That's not true at all.


----------



## PinkZinnia (Aug 25, 2016)

Hardlinesmaster said:


> I hope you don't have a 401k with spot. Do the form.


Hardlines, even if you walk out you get your 401k.


----------



## PassinTime (Aug 25, 2016)

Unless you live in a state where the law requires you to be paid out on your last day, you will get you final pay as direct deposit on the appropriate payday.   You won't need to do anything.


----------



## theanimal (Aug 25, 2016)

Are you my Hardlines closer that just decided to not come in to work?!


----------



## tellmeaboutatime (Aug 26, 2016)

People who walk out or just quit coming in don't "screw" Target. They screw the people that they work with. The people who have trained you, ate lunch with you, had breaks with you and commiserated with you. If you have a job at Target or anywhere else, you are an adult. ACT LIKE IT. You don't like the job? Hey it happens. So man up, call in and quit.


----------



## Bosch (Aug 26, 2016)

Menelwen said:


> That's a really shitty way to leave a job. If your new job hears of how you left your last, well, don't be surprised if they cut you.



False. 

But I have rage quit once. I told the STL(reference of position) of that store to shove their idiocy.  But even when you end up in the OPs situation be adult and hey "your hours suck, your leadership sucks and I am out of here, where is the form?" Fill out and walk out.


----------



## boobooduck (Aug 26, 2016)

Congrats on the new job and higher pay! In all circumstances, never just abandon.  I have seen this done way too many times and then the person returns looking for a job (of course, until they can land another gig somewhere b/c the new job sucked too) and is deemed non-rehirable.  Even if you think you will never be back to Target, one day you may need to reference Target at another location and no burned bridges is better than one. 
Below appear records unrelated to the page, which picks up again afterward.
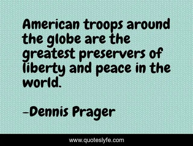 This page presents the quote "American troops around the globe are the greatest preservers of liberty and peace in the world.". Author of this quote is Dennis Prager. This quote is about world, american, greatest,.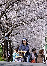 春雨洗凈鉛華,又逢賞櫻時節(jié)。在東京著名的賞櫻勝地新宿御苑,櫻樹繁花似錦,樹下游人如織。春風(fēng)伴著花香,吹進賞花人的心里。 在御苑一株櫻樹下,平澤和幾名好友席地而坐,面前擺放著意大利通心粉、飯團和面包等食品。她們盡情聊天,享受著午后悠閑的時光。微風(fēng)吹過,花瓣飄落,草坪籠上一層粉紅的氤氳。 在日本,4月1日是新年度的開始,也是新生入學(xué)和公司新員工正式上班的日子。在這一天外出賞櫻,自然也成為同學(xué)或同事聯(lián)誼的良機。 御苑問訊處的工作人員本莊說:“平時,這里游客每天最多也就兩三萬人,而在賞櫻時節(jié),特別是天氣晴朗的周末,每天游客可達(dá)10萬人左右!痹诮衲甑馁p櫻季節(jié),新宿御苑在原來三個售票點的基礎(chǔ)上又增設(shè)了兩個臨時售票點,但每個售票點窗口前還是排起了上百米的“長龍”。 不光是御苑,日本幾乎每個稍有名氣的賞櫻場所,每年3月到4月的賞櫻時節(jié)都門庭若市。人們或呼朋喚友或全家出動,在櫻樹下鋪上塑料布,聊天、唱歌、玩游戲,或者什么都不做,只是靜靜地躺著,閑看淡粉色的櫻花映襯在碧空下。 這時節(jié),種有櫻樹的人家一般都會邀請親朋好友到家里賞花,種有櫻樹的學(xué)校和企業(yè)也會向公眾開放。年輕學(xué)生和上班族一般會在忙完功課或工作后,相聚在一起觀賞夜櫻。東京上野公園、愛宕神社和京都円山公園等夜晚都會點燈。與白天相比,朦朧燈光下的夜櫻別有一番風(fēng)情。 這時節(jié),連整個日本社會仿佛都在圍繞著賞櫻運轉(zhuǎn):氣象廳每隔幾天就要發(fā)布一次各地的花期預(yù)報;一些網(wǎng)站每天更新各地賞櫻場所的開花情況;不少商店在醒目位置擺放“賞櫻便當(dāng)”、“賞櫻團子”、清酒和水壺等賞花用的食品和器具;警方則加派人手疏導(dǎo)賞櫻場所的交通。 賞櫻已成為日本的春季盛事。在日語中,“賞花”一詞如果沒有添加限定詞,指的就是觀賞櫻花。由于各地櫻花開放的日期不同,不少日本人甚至從南往北隨著花期的推移趕到各地賞櫻。 |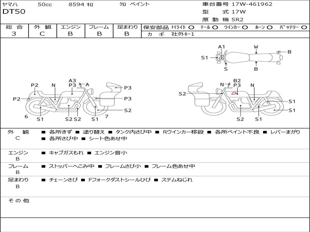 | Номер рамы / VIN | 17W-461962 |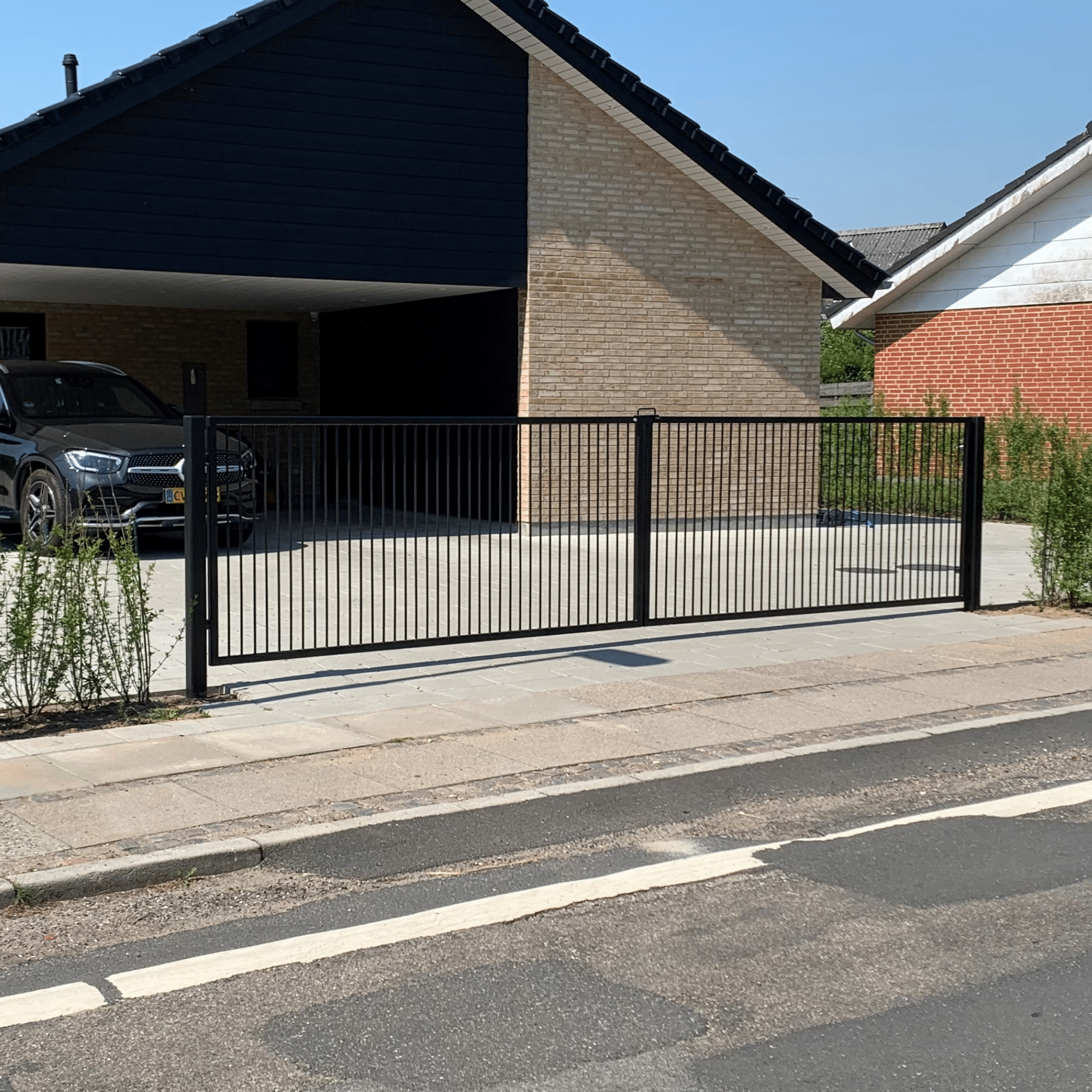 Låge og hegn i et, pulverlakeret sort, hvilket giver en meget slidstærk overflade og flot finish.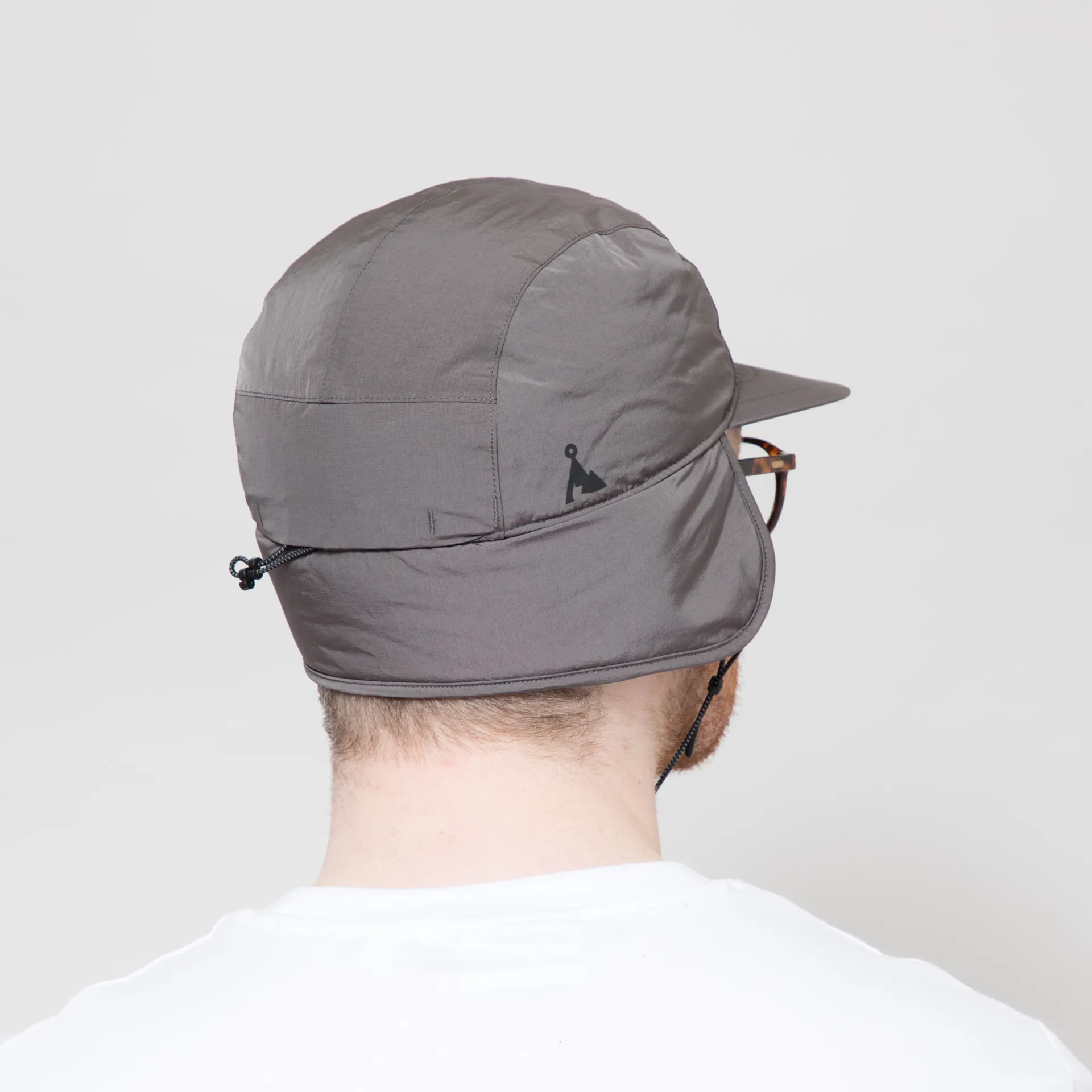 An insulated cap from Vaga, constructed from durable, water-resistant nylon with a polyester fleece lining for warmth and comfort. It has fully taped seams throughout, a flexible flat brim, ear flaps, an adjustable chin strap and a drawcord to the back. Finished with an open-pore padded high-wicking headband and classic Vaga logos to the front and back.

Suggestions: Put in 2 week written notice. Place shifts on swap shift board. Call out each day you work of the 2 week notice stating you have the flu, death in family, etc. This tends to make you rehirable in the eyes of most ETLs-HRs and HRTMs.


----------



## SFSFun (Aug 26, 2016)

Wow a lot of unhelpful advice here. OP has made up their mind and just wants to know how to get paid for their last shift.

@K AA just find HR or the LOD before the end of your shift and tell them that you are quitting and want to make sure you will still get paid normally. Be calm about it and try not to swear at them.

In some states, they need to pay you in cash from the register immediately. So it definitely helps to tell the LOD.


----------



## Joejoe12 (Aug 26, 2016)

K AA said:


> hi .
> 
> i found a better paying job with more hours and planning to walkout an never go back .I understand that i will not be hired at Target again. how do i get paid for my last pay do i have to go the store and sign papers ? or is it going to be deposited into my account >



Final pay is determined by state labor boards. I'd find out what your state rules are you will either be paid the day you walk out if your state rule is final pay must be on last day worked or you will be laid on your next scheduled paid day. If u get direct deposit no biggie if you get a check they will mail it out to you on that regular paid day. Also I would write your store after you have left requesting this years W-2 by federal law they must send it to you within 30 days of receiving the request. Good luck


----------



## HRZone (Aug 26, 2016)

Menelwen said:


> That's a really shitty way to leave a job. If your new job hears of how you left your last, well, don't be surprised if they cut you.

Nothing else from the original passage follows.